## Exercise objective
Reproduce the entries in full. Exclude all images from the copy.

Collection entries

- - -

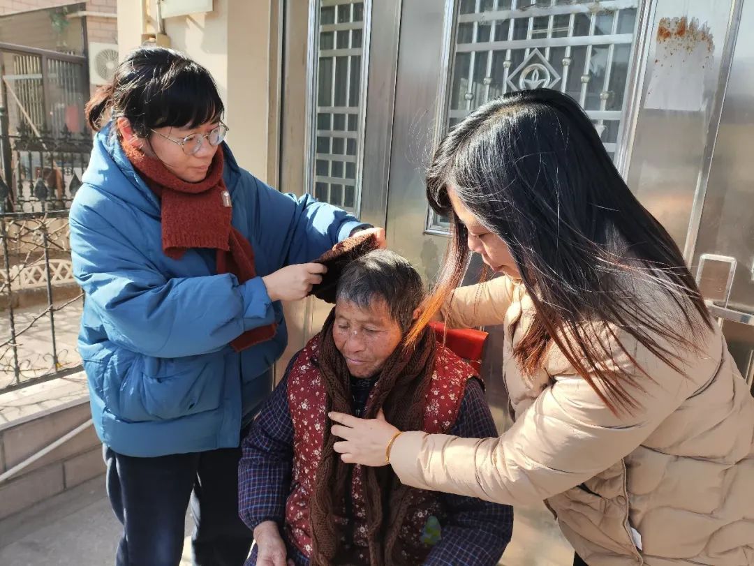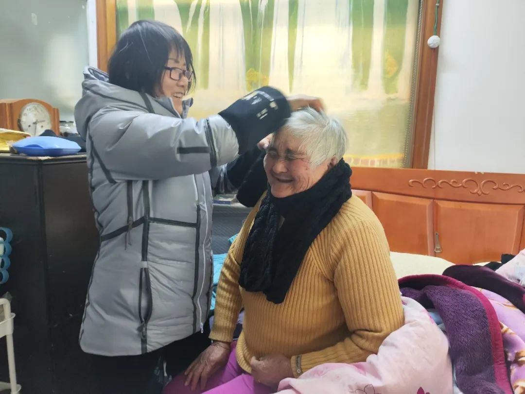 吴正英老人双目失明,尽管有老伴戴师傅常伴左右,日常生活还是存在诸多不便。当老人戴上崭新的帽子和围巾,双手不自觉地轻轻摸了摸,脸上洋溢着笑容:“真暖和,就是不晓得我戴着好看伐?”一旁的戴师傅赶忙夸赞:“侬戴勒老好看额,漂亮!”
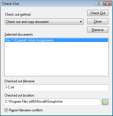 By default, GroupWise inserts the document number as the check-out filename. If you don’t specify a different filename, make a note of the numbered filename so you can locate your checked-out document.
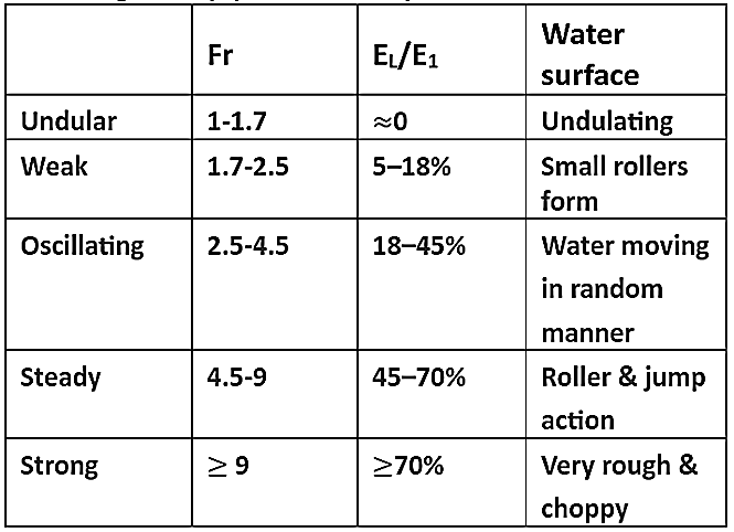 Correct option is C Types of Jump : - It depends on the Froude's number of the incoming flow (upstream end).
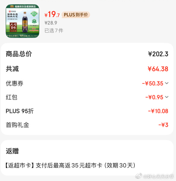 【京东】恒顺六年陈镇江香醋首购礼金💰拍7件19.83元/件返5卡
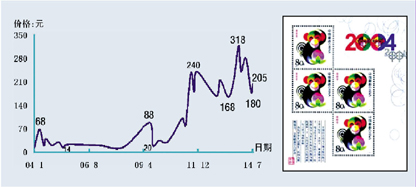 相对来看,2003—2007年发行的小版张则为阴跌走势,尤其是2003年小版张跌势明显,如“羊年”、“百合花”、“民运会”、“篆书”和“晋祠彩塑”多版式小版张分别下滑到220元、160元、68元、165元和72元,“杨柳青”、“网师园”、“图书艺术”、“艾滋病日”和“重阳节”单版式小版张则分别下调至80元、55元、65元、125元和31元附近,而2004年发行的“成语典故”、“司马光砸缸”、“绿绒蒿”、“国旗国徽”和“中国名亭”小版张则分别滑落到30.5元、34元、22元、49元和50元。

- - -

## Result of the task
 吴正英老人双目失明,尽管有老伴戴师傅常伴左右,日常生活还是存在诸多不便。当老人戴上崭新的帽子和围巾,双手不自觉地轻轻摸了摸,脸上洋溢着笑容:“真暖和,就是不晓得我戴着好看伐?”一旁的戴师傅赶忙夸赞:“侬戴勒老好看额,漂亮!”
 By default, GroupWise inserts the document number as the check-out filename. If you don’t specify a different filename, make a note of the numbered filename so you can locate your checked-out document.
 Correct option is C Types of Jump : - It depends on the Froude's number of the incoming flow (upstream end).
 【京东】恒顺六年陈镇江香醋首购礼金💰拍7件19.83元/件返5卡
 相对来看,2003—2007年发行的小版张则为阴跌走势,尤其是2003年小版张跌势明显,如“羊年”、“百合花”、“民运会”、“篆书”和“晋祠彩塑”多版式小版张分别下滑到220元、160元、68元、165元和72元,“杨柳青”、“网师园”、“图书艺术”、“艾滋病日”和“重阳节”单版式小版张则分别下调至80元、55元、65元、125元和31元附近,而2004年发行的“成语典故”、“司马光砸缸”、“绿绒蒿”、“国旗国徽”和“中国名亭”小版张则分别滑落到30.5元、34元、22元、49元和50元。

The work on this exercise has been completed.